Security researchers from Google and Microsoft say there is evidence that China-backed hackers are taking advantage of zero-day bugs in Microsoft SharePoint as businesses around the world are in a hurry to patch their flaws.
Officially known as CVE-2025-53770, a bug discovered last weekend allows hackers to steal sensitive private keys from self-hosted versions of SharePoint, a software server widely used by businesses and organizations to store and share internal documents. Once exploited, attackers can use bugs to remotely plant malware, access files and data stored inside, and access other systems on the same network.
In a blog post Tuesday, Microsoft said it had observed that at least two previously identified China-supported hacking groups would use SharePoint Zero Days, called “linen typhoons” and “violet typhoons.” Microsoft says that linen typhoons are focused on theft of intellectual property, while violet typhoons are stealing the personal information used for espionage.
Microsoft also attributes the ongoing hacking to a third China-backed hacking group named “Storm-2603”, representing a hacking group with little information about the company. However, the company noted that hackers have been linked to ransomware attacks in the past.
According to Microsoft, three hacking groups have been observed to exploit the zero-day vulnerability to infiltrate vulnerable SharePoint servers until July 7th.
Charles Carmakal, chief technology officer of Google’s incident response unit Mandiant, told TechCrunch in an email that “at least one of the people in charge” is a China-Nexus hacking group, but said “several actors are actively exploiting this vulnerability.”
Dozens of organizations have already been hacked, including the entire government sector. The bug was considered zero day because the vendor (in this case Microsoft) didn’t have time to issue patches before it was actively exploited. Microsoft has since deployed patches for all affected versions of SharePoint, but security researchers warn that customers running a self-hosted version of SharePoint should already assume they have compromised.
TechCrunch Events
San Francisco
|
October 27th-29th, 2025
A spokesman for the Chinese Embassy in Washington, DC did not immediately return a request for comment. The Chinese government has long rejected allegations that it had carried out a cyberattack, but it has not always explicitly denied its involvement.

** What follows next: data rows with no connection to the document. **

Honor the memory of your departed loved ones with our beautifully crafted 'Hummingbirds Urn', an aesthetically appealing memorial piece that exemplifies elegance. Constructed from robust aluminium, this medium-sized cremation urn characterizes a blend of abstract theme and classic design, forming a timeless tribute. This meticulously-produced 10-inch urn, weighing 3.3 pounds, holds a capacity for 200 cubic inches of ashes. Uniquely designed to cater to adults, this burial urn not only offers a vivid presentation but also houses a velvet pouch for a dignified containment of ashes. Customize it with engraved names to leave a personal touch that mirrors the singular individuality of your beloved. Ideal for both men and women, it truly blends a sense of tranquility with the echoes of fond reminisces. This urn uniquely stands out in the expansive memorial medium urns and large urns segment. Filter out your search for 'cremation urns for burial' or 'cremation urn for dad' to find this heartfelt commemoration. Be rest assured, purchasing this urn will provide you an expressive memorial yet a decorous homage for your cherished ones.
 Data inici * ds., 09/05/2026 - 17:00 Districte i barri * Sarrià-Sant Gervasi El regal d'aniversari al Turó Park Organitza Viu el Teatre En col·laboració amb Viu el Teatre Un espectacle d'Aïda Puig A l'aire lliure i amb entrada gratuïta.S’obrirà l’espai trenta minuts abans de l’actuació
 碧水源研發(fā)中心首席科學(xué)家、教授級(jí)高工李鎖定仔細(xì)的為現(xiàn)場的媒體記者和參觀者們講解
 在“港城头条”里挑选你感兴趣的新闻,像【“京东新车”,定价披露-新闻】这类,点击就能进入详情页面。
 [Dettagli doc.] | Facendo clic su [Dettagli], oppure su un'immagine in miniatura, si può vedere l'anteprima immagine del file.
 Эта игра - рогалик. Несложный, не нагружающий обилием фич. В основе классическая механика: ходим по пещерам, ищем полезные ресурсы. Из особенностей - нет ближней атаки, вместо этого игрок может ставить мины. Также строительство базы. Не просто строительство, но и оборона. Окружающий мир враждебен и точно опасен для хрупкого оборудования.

This is the latest hacking campaign linked to China in recent years. The China-backed hacker was accused of targeting a self-hosted Microsoft Exchange mail server in 2021 as part of a mass hacking campaign. According to a recent Justice Department indictment, Chinese hackers accused two hackers of masterminding the violation, and so-called “hafnium” hacking has breached contact information and private mailboxes from over 60,000 affected servers.